В небольшой комнатке, у окна с крест-накрест приклеенными к стеклу полосками газетной бумаги, сидел председатель колхоза - молодой рослый мужчина в старенькой армейской гимнастерке и сдвинутой на затылок, выгоревшей добела пилотке без звездочки. Правый порожний рукав гимнастерки был у него небрежно заткнут за пояс. Старшина поместился против него, почти вплотную придвинув табурет, касаясь своими коленями колен председателя, и, всячески стараясь придать своему хриплому баску как можно больше убедительности, говорил:
- Ты же бывший фронтовик, а в понятие не берешь наше положение, рассуждаешь, извиняюсь, как несознательная женщина...
Председатель недобро поблескивал узко посаженными серыми глазами и молча кривил губы. Его явно тяготил этот разговор. Лопахин поздоровался, присел на край скамьи.
- А в чем у вас дело? Об чем торгуетесь? Не поворачивая в его сторону головы, председатель ответил:
- А в том, что старшина ваш просит выписать ему продуктов из колхозной кладовой, а я не могу этого сделать.
- Почему?
- Ха! Почему? Да потому, что в кладовой пусто. Ты думаешь, вы первые через хутор бежите?
- Мы не бежим, - сдержанно поправил его Лопахин, чувствуя, как закипает в нем злость к председателю, к его холодным, узко посаженным глазам, к самоуверенному тенористому голосу. "Забыл, как на фронте живут, отвоевался вчистую, отъелся, а теперь ему чужая нужда - не беда, теперь ему и ветер в спину", - думал он, с острой неприязнью глядя сбоку на крутую красную председательскую шею, на тугие чисто выбритые щеки.
- Вы не первые бежите и, видать, не последние, - упрямо повторял председатель.
- Повторяю, мы не бежим, - резко сказал Лопахин. - Это во-первых, а во-вторых, мы - последние. После нас никого нет.
- А нам от этого не легче! Какие раньше вас прочапали - все подчистили, как веником подмели!
Председатель повернулся лицом к Лопахину, хотел что-то еще сказать, но Лопахин опередил его вопросом:
- Ты на фронте был?
- А руку мне телок отжевал, по-твоему?
- Отступать приходилось?
- Всяко было, но такого, как сейчас, не видывал.

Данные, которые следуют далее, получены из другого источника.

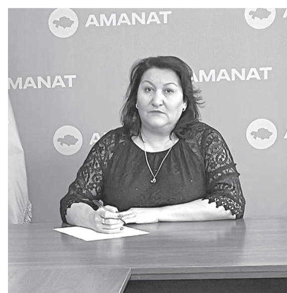
құқықтық мемлекетті одан әрі нығайтуға бағытталған маңызды стратегиялық құжат ретінде оң бағалауға лайық.

Жалпы алғанда, жаңа Конституция жобасы елдің саяси жүйесін жаңғыртуға, азаматтардың мемлекеттік шешімдер қабылдау үдерісіне қатысу мүмкіндігін кеңейтуге және Қазақстанда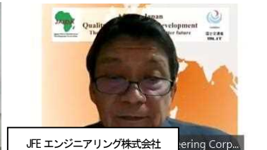
JFE エンジニアリング株式会社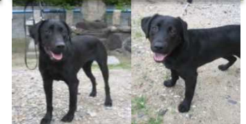
ハーパー (♀) ビーン (♀) (9)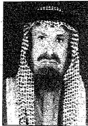
محمد بن فهد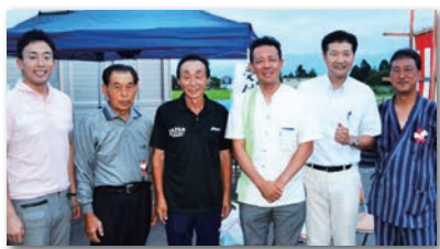
地元で各町内会の納涼祭に呼んでいただきました。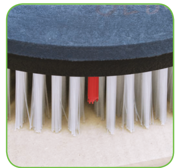
Borstel met gebruiksindicator.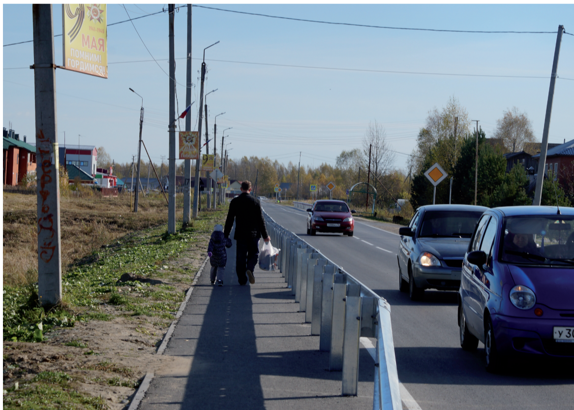
Обновлённая улица Ленина посёлка Туртас.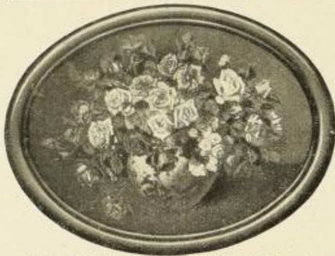
BUCHNER, Rosen. Farbenlichtdruck Bildgröße 56 : 75 cm ohne Rahmen . . . . . M. 25.— in gold. Oval-Rahmen . . . . . „ 65.— in schwarz „ „ 50.— Bildgröße 33 : 43,5 cm ohne Rahmen . . . . . „ 6.— in schwarz Oval-Rahmen . . . . . „ 15.— Bildgröße 9 : 12 cm ohne Rahmen . . . . . „ 0.50 in schwarz Oval-Rahmen . . . . . „ 1.50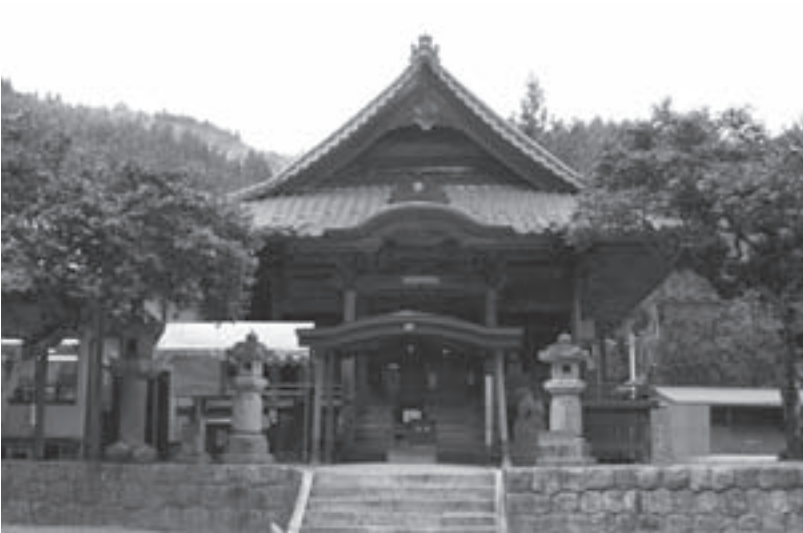
▷「田峰観音」谷高山高勝寺

以降、300年以上にわたり、太平洋戦争中も途切れることなく、奉納歌舞伎は続けられています。

- Пойми, дорогой человек, еловая голова, не могу же я свой народ голодным оставлять, - сказал старшина. - Я за каждого из них в ответе перед командованием. Ясно? Ты пиши накладную, а там что-нибудь найдется, нам много не надо.
Для вящей убедительности старшина положил руку на колено председателя, но тот отодвинул ногу, улыбнулся мирно и просто.
- Эх, старшинка, старшинка! Беда мне с тобой, старик! Ведь русским языком тебе говорю: ничего в кладовой, кроме мышей, нет, а ты не веришь. И ты меня за ногу не лапай, я не девка, да и нога у меня на просьбы не чувствительная, она на протезе... Вот мое последнее слово: килограмма два пшена выдам - и все, а хлеба по дворам добудете.
- Куда же мне два килограмма на двадцать семь активных штыков, считай, на весь полк? А заправлять кашу чем? И по дворам за хлебом я солдат не пущу: мы не нищие. Ясно?
Лопахин взглянул на удрученное лицо старшины, с грохотом отодвинул скамью... Старшина предостерегающе поднял руку:
- Лопахин, не горячись!
- Пошли в кладовую, - коротко сказал председатель.
Твердо наступая скрипящим протезом на половицы, он направился к выходу. Поприщенко охотно последовал за ним. Замыкающим шел Лопахин.
Возле амбара председатель пропустил вперед старшину, взял Лопахина за локоть.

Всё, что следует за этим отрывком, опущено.